The societal challenge

Emissions of CO₂ and ensuing global climate change is one major societal challenge. With unchanged present emissions of about 40 Gt_CO2/year, the carbon budgets for the 1.5ºC and 2ºC global warming limits will be exhausted within the near future. Consequently, it is necessary to reduce CO₂ emissions significantly and rapidly. Since approx. 80% of current primary energy use is based on fossil fuels, most of the IPCC emission scenarios that meet the global two-degree limit, require that carbon capture and storage (CCS) is deployed for major industrial sectors, such as heat and power and process industries. Considering the limited time available, it may also be necessary to actually remove carbon from the atmosphere, that is, overshooting the carbon budget at first, followed by removing the excess carbon from the atmosphere. This can be achieved by utilization of biomass together with carbon capture, often referred to as BECCS. In fact, negative emissions on a substantial scale appear to be indispensable to meet the climate targets decided in the Paris agreement. There is currently significant research and development in Sweden and globally to find efficient processes for carbon capture, both at universities and in industry.

 

Goals and aims

The course is part of the Tracks platform of courses at Chalmers, with the general aim of providing students with the possibility to learn about and conduct projects related to current societal and engineering challenges where a cross-disciplinary approach is needed. The course “Carbon capture and storage – pathways to negative emissions” is part of the theme “Emerging technologies” and here you will learn about a wide range of aspects related to carbon capture and storage and also work together with students from other programs in a research project, with the aim to investigate and solve a specific challenge related to CCS and/or negative emissions.  Hence an important goal of the course is to develop skills with respect to working in teams to solve open-ended and interdisciplinary research projects.

 

Learning objectives

The learning objectives of the course are divided into general and specific objectives as given below.

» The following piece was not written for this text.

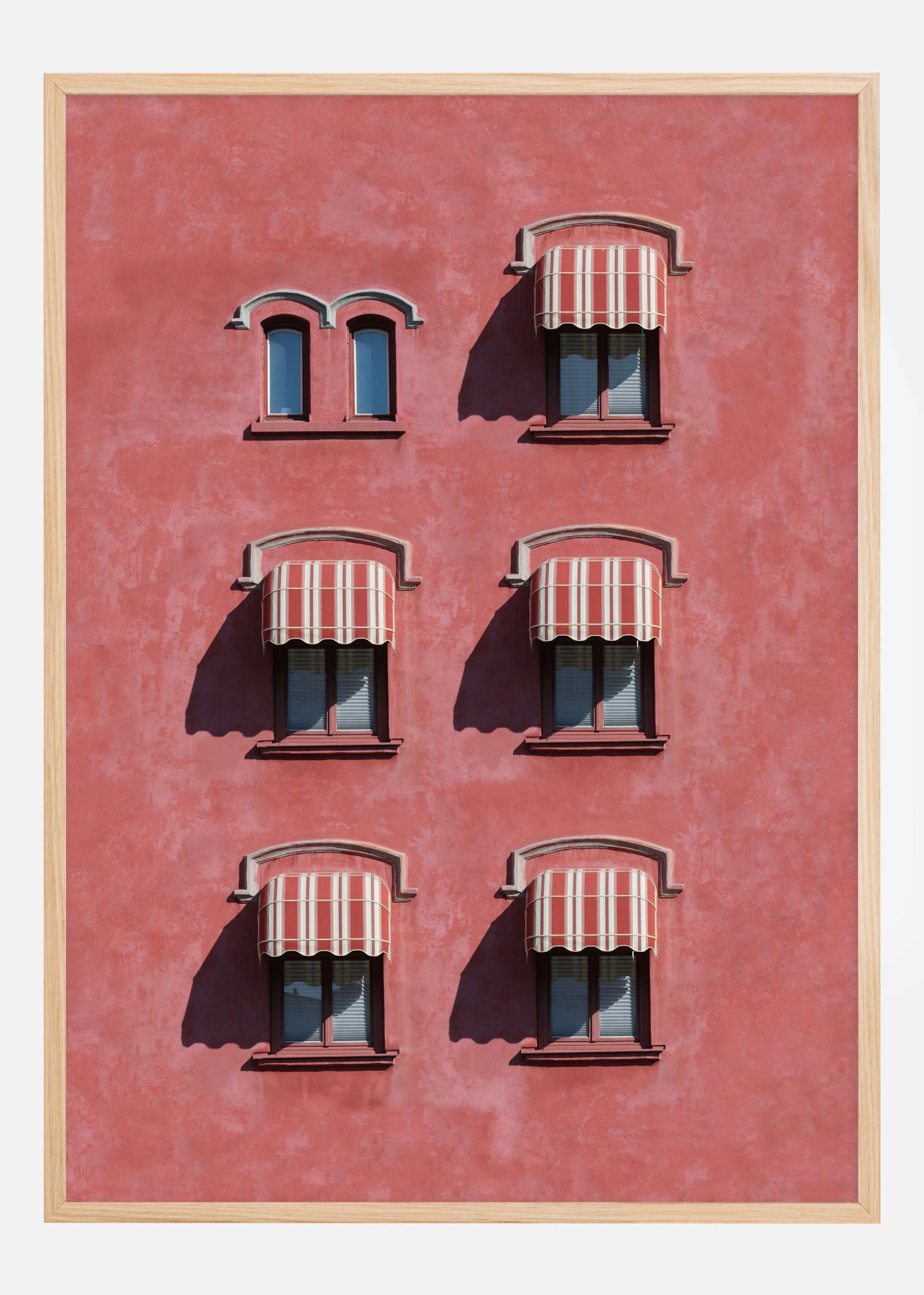 Cette affiche élégante et sophistiquée, "Mur Rouge", est une démonstration d'harmonie architecturale et de balance visuelle. Six fenêtres, chacune avec un store distinct, ornent la façade rouge vive et offrent une symétrie rythmique qui est à la fois apaisante et satisfaisante pour l'œil. Le jeu enjoué du soleil sur la surface donne vie à la structure et crée un jeu entre lumière et ombre.

General objectives (Tracks)

After completion of the course, you should:

• be able to critically and creatively identify and/or formulate advanced engineering problems.
• be able to master problems with open solutions spaces which includes being able to handle uncertainties and limited information.
• be able to lead and participate in the development of new products, processes and systems using a holistic approach by following a design process and/or a systematic development process.
• be able to work in multidisciplinary teams and collaborate in teams with different compositions.
• show insights about cultural differences and to be able to work sensitively with them.
• show insights about and deal with the impact of engineering solutions in a global, economic, environmental and societal context.
• be able to identify ethical aspects and discuss and judge their consequences in relation to the specific problem.
• be able to orally and in writing explain and discuss information, problems, methods, design/development processes and solutions.

Specific objectives

After the completion of the course, you should:

• understand the factors affecting the global carbon budgets for limiting warming to 1.5 ºC and 2.0 ºC and have knowledge of approximate allowable carbon emissions in relation to current anthropogenic emissions.
• understand the main technical and economic challenge with carbon capture processes.
• understand the technical function of the most common carbon capture processes and be able to describe their advantages and limitations.
• understand the importance of heat integration for reducing capture cost in industrial processes.
• understand how hydrogen can be generated from different energy sources and utilized as an energy carrier with no emissions of CO₂.
• understand the main features of a CO₂ transportation system.
• understand the basic geology needed for geological storage and the main mechanisms and identify possible risks and ways to minimize these risks.
• understand the main techniques proposed for achieving negative emissions and understand how Bioenergy with Carbon capture (BECCS) and Direct Air Capture (DAC) functions and their possibilities and challenges.

• to understand main possible strategies for utilization of CO₂ in products and chemicals and the limitations of such usage.
• to understand how Life Cycle Assessment (LCA) can be used to evaluate CCS/BECCS systems.
• understand the policy-related challenges for CCS/BECCS and the level of governance these are best addressed.
• to understand how CCS/BECCS systems could be integrated into a future energy system portfolio.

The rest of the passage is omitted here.